The experts are selected by a routing network, where it is trained to compute a non-negative score for each expert. Scores are actually "probabilities" of selecting each expert (there is softmax at the end). Usually, k experts with the highest scores are selected in each layer for each token out of N experts, where k < N. The model is trained to balance the utilization of each expert, with the goal that each expert will be utilized equally in the training dataset (aggregative level). Usually, there is a regularization term on the weights of the routing network, for example in the form of negative entropy or the sum of squares.
The paper proposes a method for optimizing memory consumption for inference of transformer models with MoE when they are activated in batches of queries (several inputs). The proposed approach is based on several empirical observations made by the authors:
- The distribution of the frequency of expert activation within the batch is not uniform, meaning there are experts that are activated more and there are those that are activated less.

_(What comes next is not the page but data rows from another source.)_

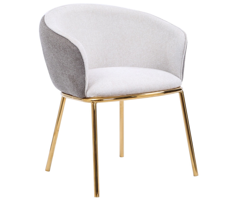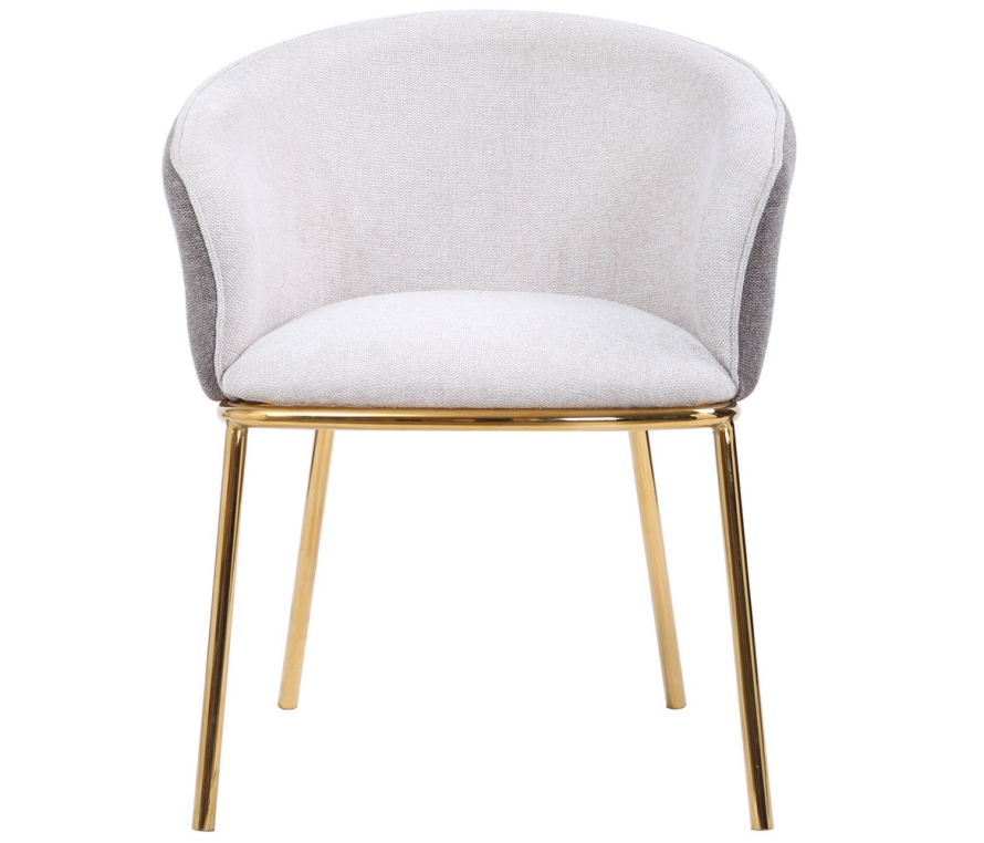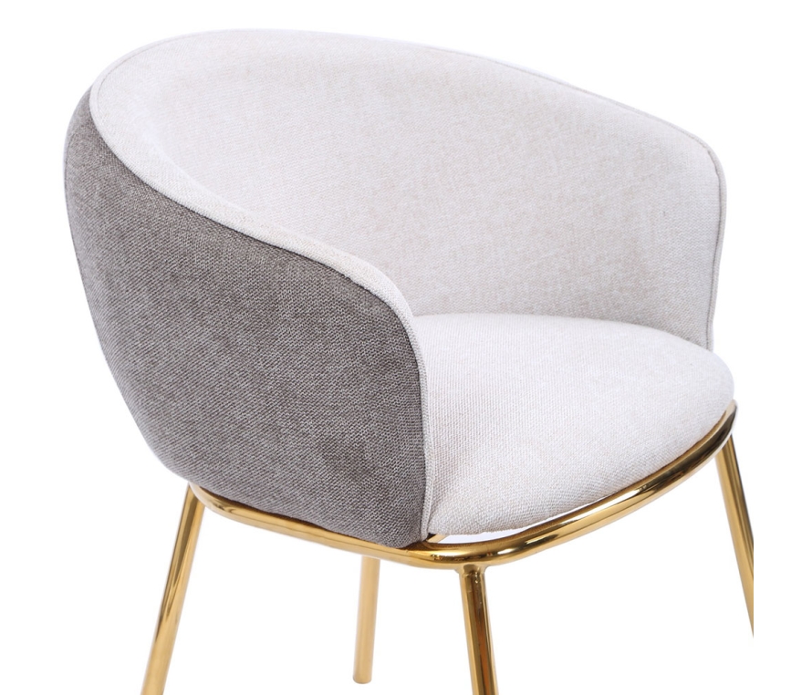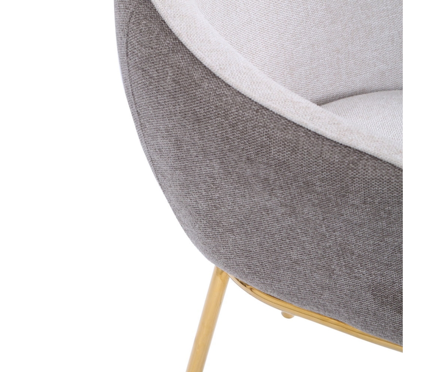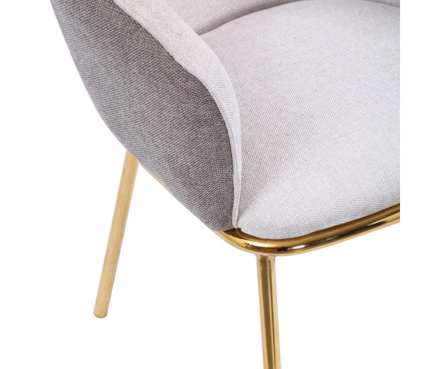 Ищете, какие купить стулья? Стул Duke идеально подчеркнет современный интерьер городской квартиры, загородного дома и даже кафе. Отличительная особенность серии в использовании рогожки двух цветов для обивки, внутри нежный кремовый оттенок, снаружи темный. Сочетание бежевого с латте выглядит нежно и элегантно, поэтому может как подчеркнуть интерьер, так и стать в нем цветовым акцентом. Ткань мягкая и приятная, но одновременно устойчива к износу. Стул удобный, как кресло и вместе с тем стильный. Сочетание бежевого и золотистого цветов — это классика и постоянный тренд стульев для кухни или гостиной, который никогда не выйдет из моды. А металлические ножки станут ярким акцентом и подчеркнут дизайн всего помещения.
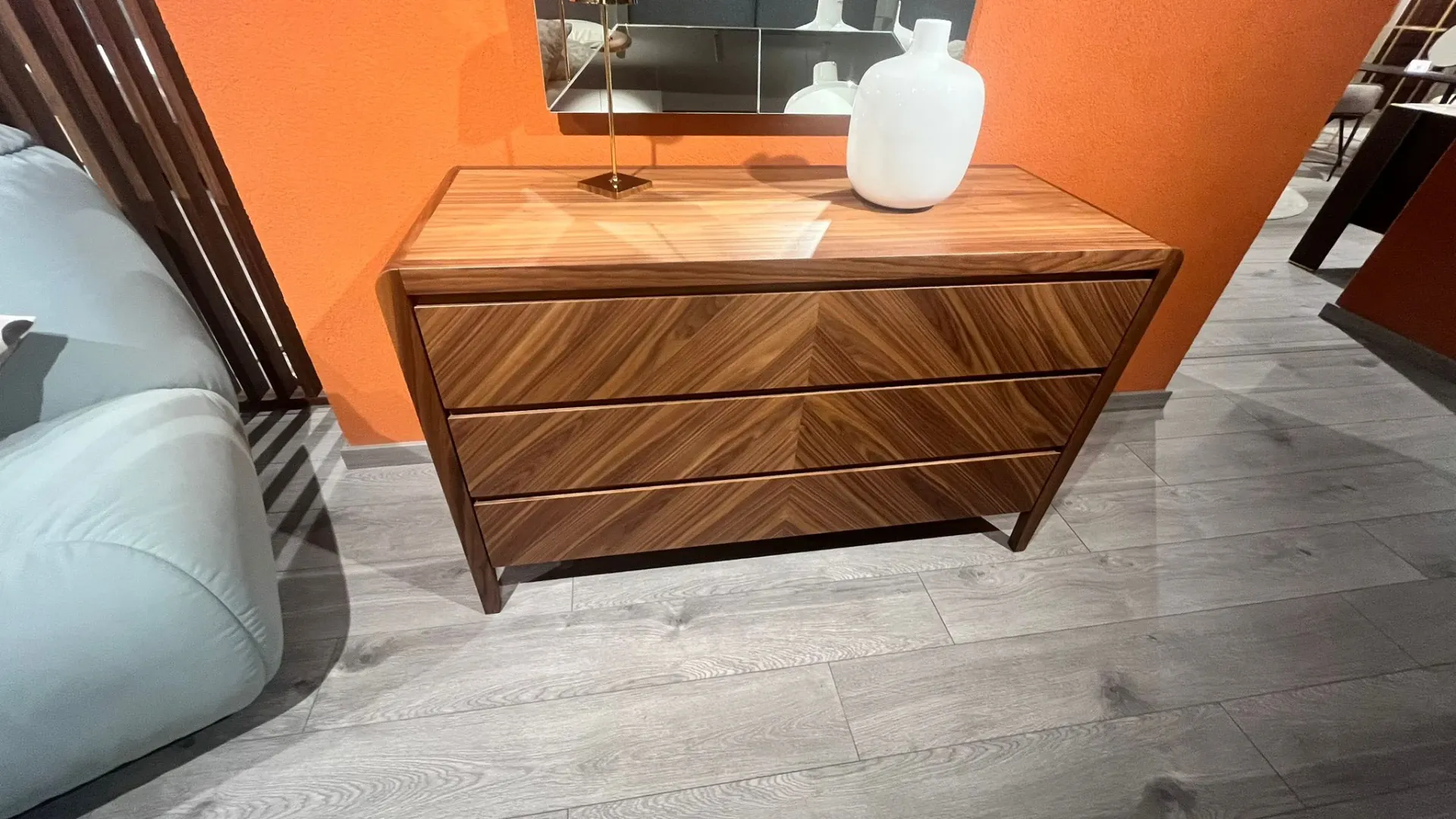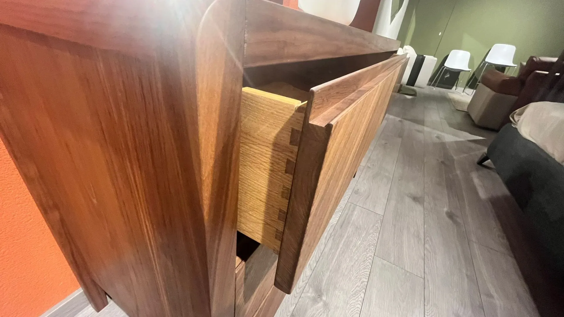 Si caratterizza per il design compatto, ammorbidito dagli angoli arrotondati che caratterizzano la struttura. Il tocco di classe in più sono i frontali spinati, che contribuiscono a definire l'estetica contemporanea dei mobili. I cassetti, ampi e perfettamente scorrevoli, sono sinonimo di comfort e funzionalità.
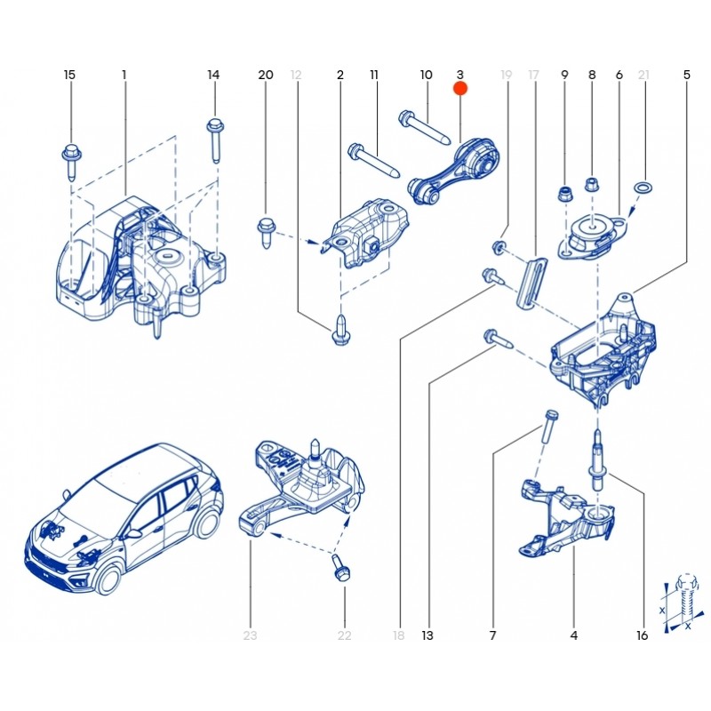 113605003R Подушка двигуна нижня (опора) 1.0 TCe Renault Оригінал від оригінального виробника Renault. Виготовлена з якісних матеріалів. Підходить на автомобілі із варіатором CVT DK0 та двигуном 1.0 TCe тип H4D: Renault Taliant (2025-...), Renault Kardian (2025-...) року випуску. Оригінальний номер: 113605003R
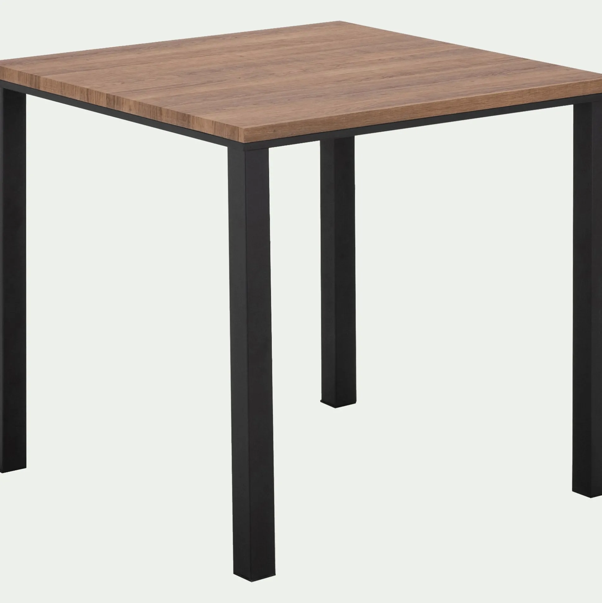 Plateau en panneau de fibres de moyenne densité imitation chêne d’une épaisseur de 2,5cm, avec revêtement papier 3D effet chêne. Struture et piètement en acier epoxy peint noir mat.
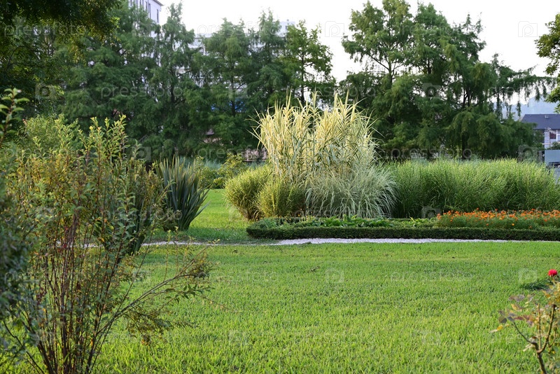Ландшафтный дизайн в зеленом саду, панорамный вид на благоустроенный двор жилого дома. Мощение дорожки, растения и старинный фонарь на заднем дворе дома, красивый ландшафт летом
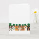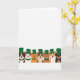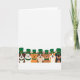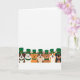 The front design shows seven friendly dogs lined up like a little parade along the bottom of the card, all facing forward with open-mouthed smiles that make them look like they’re in on the same joke. Each pup wears an emerald-green leprechaun hat with a gold buckle and a tiny four-leaf clover, adding a lucky St. Patrick’s Day touch ☘️. Their fur patterns vary—speckled brown and white, warm ginger, black and tan, and several soft beige-and-white coats—so the group feels like a close circle of different personalities. A few of them wear small green or brown bow ties, and the way they lean shoulder-to-shoulder suggests easy friendship and a bit of affectionate togetherness 💚. The background above them is bright white and mostly open, giving the dogs room to stand out like a neat border along the bottom edge. St. Patrick’s Day text sits up in that open space in green lettering, centered and easy to spot against the white. The hats’ green, the clover accents, and the golden buckles repeat across the row, with the dogs filling the lower third of the layout.
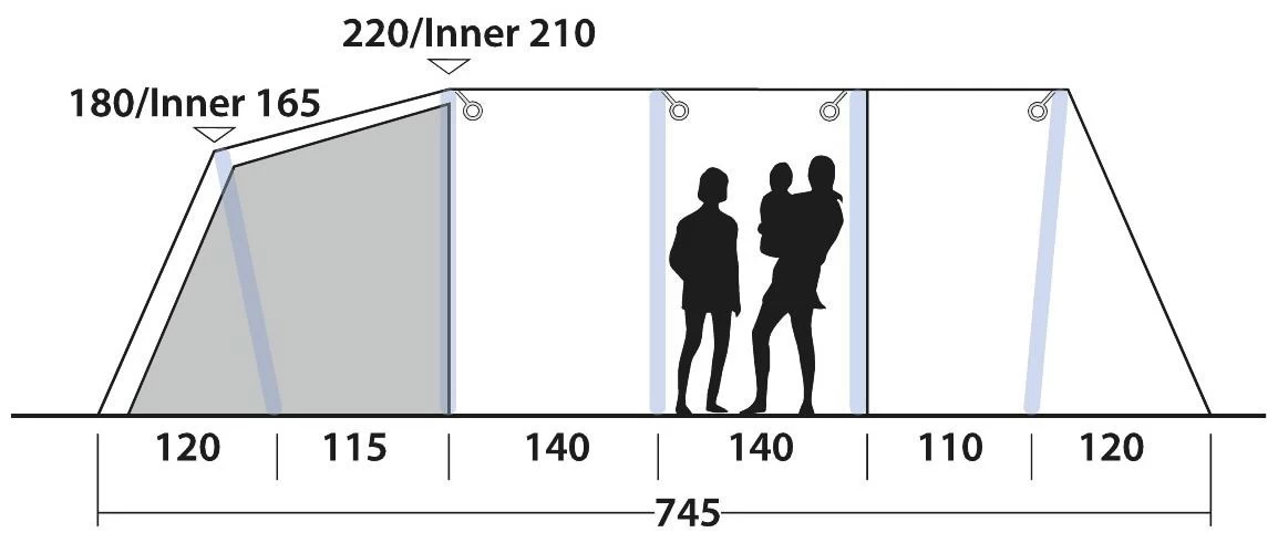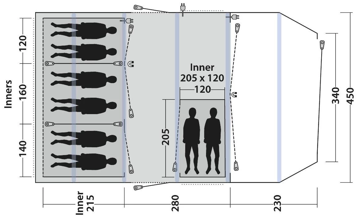 U zult genieten van de enorme ruimte voor een flexibel kampeerleven in de king-size Queensdale 8PA opblaasbare tent boordevol mogelijkheden. Ruimte voor acht slaapplaatsen in maximaal vier slaapkamers, dus perfect om te delen met familie en vrienden op lange kampeervakanties. Een binnentent in het woongedeelte biedt de mogelijkheid voor een logeerkamer of kan worden gebruikt als handige opslagruimte. Als de binnentent niet nodig is, kan deze gemakkelijk worden verwijderd voor extra leefruimte. U kunt de vele deuren wegrollen om frisse lucht en natuur het interieur te laten vullen voor een echte buitenervaring. Met uitstekende veelzijdige ruimte en ventilatie kunt u vele jaren samen genieten van het delen van een fijn vakantieverblijf.

- The computational density (arithmetic intensity), which is the ratio between the amount of flops and the amount of memory accesses, decreases when the number of experts increases in the decode phase (i.e., prediction). This makes this phase memory-bound, which increases the latencies.
- The tokens are not very sensitive to their experts beyond a few experts (from top-k) with the highest scores. That is, it is possible to "activate only the experts" without significant damage to performance.
- Not all tokens are equal, meaning there are tokens that are more sensitive to the use of some of their experts and there are those that are less. The authors claim that it is possible to infer the level of sensitivity of the token from the routing network scores for it.
- The prefill phase (prompt processing) is more sensitive to the replacement of experts than the decode phase (generation).
- The sensitivity to the replacement of experts varies between the layers of the model, where the middle layers are the most sensitive to it.
The authors propose to take advantage of these observations in the following way (there are several variations, I will describe the main method):
- All experts are used in the prefill phase (which is compute-bound).
- Sensitive and less sensitive tokens (low and high confidence) are identified in the batch. Then the experts of the less sensitive tokens are filtered.
- The experts that are most used for the batch are selected and the rest are filtered.
- Only the remaining experts are activated for all tokens (top-k). A second option (less damaging to performance) - is to activate all experts for sensitive tokens and only those that remain for less sensitive tokens.
This method makes it possible to increase computational density for the decode phase and make it less memory-bound without significant damage to performance.
https://arxiv.org/abs/2411.08982